Shadcn primitives only: Card, Table, Badge, Button, Select, ScrollArea, Tabs (for code/raw/parsed), Separator. Code blocks use a lightweight highlighter.

## Behavior

- **Reset Episode**: clears state, calls `envReset`, populates task fields from observation, logs `[START]`.
- **Next Step**: reads `phase`, calls `llmCall` for that phase, logs `[LLM]` with raw + parsed, calls `envStep`, merges observation, appends reward + components, logs `[STEP]`. Disabled when `done`.
- **Auto Run**: loops Next Step with a small delay until `done`, repair attempts exhausted, or user hits Stop. Logs `[END]` with success / score / rewards.
- Errors from the env or LLM go into the log as `[WARN]` / `[ERROR]` and surface as a toast; the run halts but state is preserved.

## Reward handling

Port the Python helpers:

- `rewardComponents(obsMetadata, feedback)` → filtered numeric components (uses the explore/generate/repair allow-lists).
- `parseRewardComponentsFromFeedback(feedback)` as a fallback for old observations.
- Total per phase: `explore_total | generate_total | repair_total` if present, else sum of visible components.
- Final episode score: `normalized_episode_score(rewards)` ported as a simple TS function (mean of generate+repair totals, clamped to [0,1]); `success = score >= SUCCESS_SCORE_THRESHOLD` (constant ported from `explainer_env/constants.py`, default 0.6 — confirmed during implementation).

## Technical details

- **Files added**:
  - `src/routes/index.tsx` — dashboard page, replaces placeholder.
  - `src/server/env.functions.ts` — `envReset`, `envStep`, `envMetadata`, `envSchema` server fns calling `${process.env.ENV_BASE_URL}`.
  - `src/server/llm/prompts.ts`, `src/server/llm/parse.ts`, `src/server/llm/client.ts` — port of inference.py prompt/parse/call.
  - `src/server/llm.functions.ts` — `runLlmStep({ phase, obs, prior })` server fn.
  - `src/server/config.functions.ts` — `getRuntimeConfig()` returning `{ envUrl, modelName }` (no secrets).
  - `src/lib/tasks.ts` — ported task bank.
  - `src/lib/rewards.ts` — reward parsing/normalization.
  - `src/lib/types.ts` — `ExplainerObservation`, `ExplainerAction`, etc.
  - `src/store/episode.ts` — Zustand store.
  - `src/components/inspector/*` — Header, Controls, ObservationPanel, LlmPanel, ResearchPanel, RewardsPanel, Log.
- **Secret**: `HF_TOKEN` added via Lovable Cloud secrets after plan approval.

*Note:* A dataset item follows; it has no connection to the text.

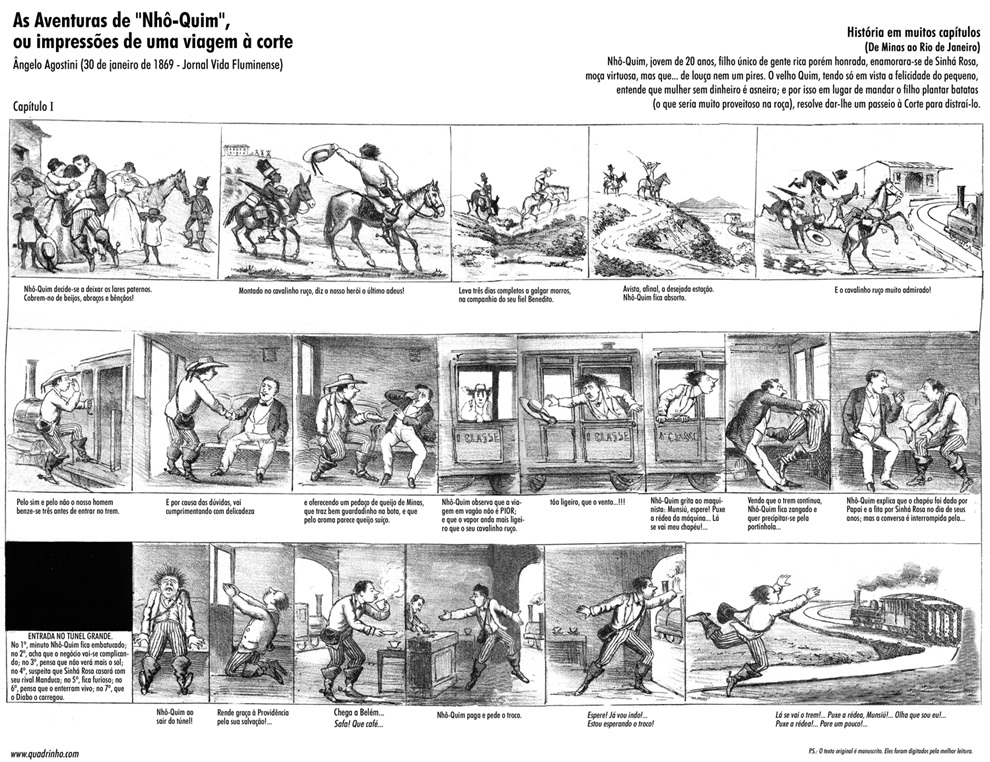 Já no Brasil, o ponto de partida é ainda anterior: em 30 de janeiro de 1869, o desenhista ítalo-brasileiro Angelo Agostini cria “As Aventuras de Nhô Quim ou Impressões de Uma Viagem à Corte,” para o jornal Vida Fluminense. A escolha da data que celebra o Dia Nacional das Histórias em Quadrinhos está diretamente ligada a esse marco fundador da produção nacional.

The user will be prompted to paste it.
- **Stack stays** TanStack Start + React + Tailwind + shadcn. No new heavy deps; add only `zustand` and a small syntax highlighter (`shiki` or `highlight.js`) — pick the smaller at implementation time.
- **Out of scope**: persistence across reloads, multi-user sessions, auth, charts. Pure single-tab inspector.

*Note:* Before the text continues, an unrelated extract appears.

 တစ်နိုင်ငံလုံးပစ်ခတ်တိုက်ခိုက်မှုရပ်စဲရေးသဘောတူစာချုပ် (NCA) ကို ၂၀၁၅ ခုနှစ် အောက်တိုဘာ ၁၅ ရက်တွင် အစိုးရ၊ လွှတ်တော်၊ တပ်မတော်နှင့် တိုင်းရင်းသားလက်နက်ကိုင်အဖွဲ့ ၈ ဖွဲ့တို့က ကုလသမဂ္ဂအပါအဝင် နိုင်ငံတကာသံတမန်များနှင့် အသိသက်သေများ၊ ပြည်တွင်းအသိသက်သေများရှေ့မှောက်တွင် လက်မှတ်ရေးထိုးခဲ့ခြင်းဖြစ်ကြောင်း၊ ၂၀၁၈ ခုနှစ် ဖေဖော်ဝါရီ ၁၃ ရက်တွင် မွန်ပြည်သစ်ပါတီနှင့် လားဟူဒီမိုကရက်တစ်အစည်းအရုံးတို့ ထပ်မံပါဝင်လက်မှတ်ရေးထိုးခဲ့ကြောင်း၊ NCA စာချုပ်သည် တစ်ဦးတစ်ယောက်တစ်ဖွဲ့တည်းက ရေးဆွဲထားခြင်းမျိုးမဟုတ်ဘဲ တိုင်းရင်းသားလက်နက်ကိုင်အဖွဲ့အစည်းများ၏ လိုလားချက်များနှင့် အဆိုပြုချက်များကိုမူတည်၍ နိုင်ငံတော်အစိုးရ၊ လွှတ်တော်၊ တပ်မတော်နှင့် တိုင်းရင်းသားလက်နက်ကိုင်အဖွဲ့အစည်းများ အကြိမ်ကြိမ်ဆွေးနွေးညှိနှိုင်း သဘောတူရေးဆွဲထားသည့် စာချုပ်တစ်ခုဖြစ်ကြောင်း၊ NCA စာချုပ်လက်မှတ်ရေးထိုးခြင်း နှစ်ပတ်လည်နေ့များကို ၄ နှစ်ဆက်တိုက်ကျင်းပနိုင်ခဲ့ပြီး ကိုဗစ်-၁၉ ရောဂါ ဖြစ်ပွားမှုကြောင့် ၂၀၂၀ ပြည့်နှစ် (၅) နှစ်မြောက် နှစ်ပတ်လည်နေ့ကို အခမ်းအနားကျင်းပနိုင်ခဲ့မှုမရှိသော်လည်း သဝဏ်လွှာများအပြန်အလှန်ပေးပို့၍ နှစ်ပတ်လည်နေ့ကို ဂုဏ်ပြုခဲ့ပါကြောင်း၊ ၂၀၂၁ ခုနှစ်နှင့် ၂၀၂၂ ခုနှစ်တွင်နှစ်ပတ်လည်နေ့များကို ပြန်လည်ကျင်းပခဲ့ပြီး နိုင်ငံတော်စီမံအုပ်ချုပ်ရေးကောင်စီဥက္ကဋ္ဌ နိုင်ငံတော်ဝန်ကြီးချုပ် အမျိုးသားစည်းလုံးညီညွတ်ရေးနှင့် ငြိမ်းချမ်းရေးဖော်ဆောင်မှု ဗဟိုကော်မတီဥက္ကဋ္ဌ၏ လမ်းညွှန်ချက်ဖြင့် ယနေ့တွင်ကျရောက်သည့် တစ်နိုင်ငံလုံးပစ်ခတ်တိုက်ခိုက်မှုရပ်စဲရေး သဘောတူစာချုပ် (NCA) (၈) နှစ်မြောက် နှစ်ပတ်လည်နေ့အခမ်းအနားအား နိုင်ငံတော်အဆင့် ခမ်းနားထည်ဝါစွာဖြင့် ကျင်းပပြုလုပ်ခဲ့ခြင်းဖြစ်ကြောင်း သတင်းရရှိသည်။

## Open items resolved during implementation

- Confirm whether `/reset` accepts a `topic` argument; if not, we still show the task picker but treat it as a display filter and surface a warning when the returned topic differs.
- Confirm exact `SUCCESS_SCORE_THRESHOLD` and `normalized_episode_score` formula from `explainer_env/constants.py` (you can paste it, otherwise default to mean-of-totals ≥ 0.6).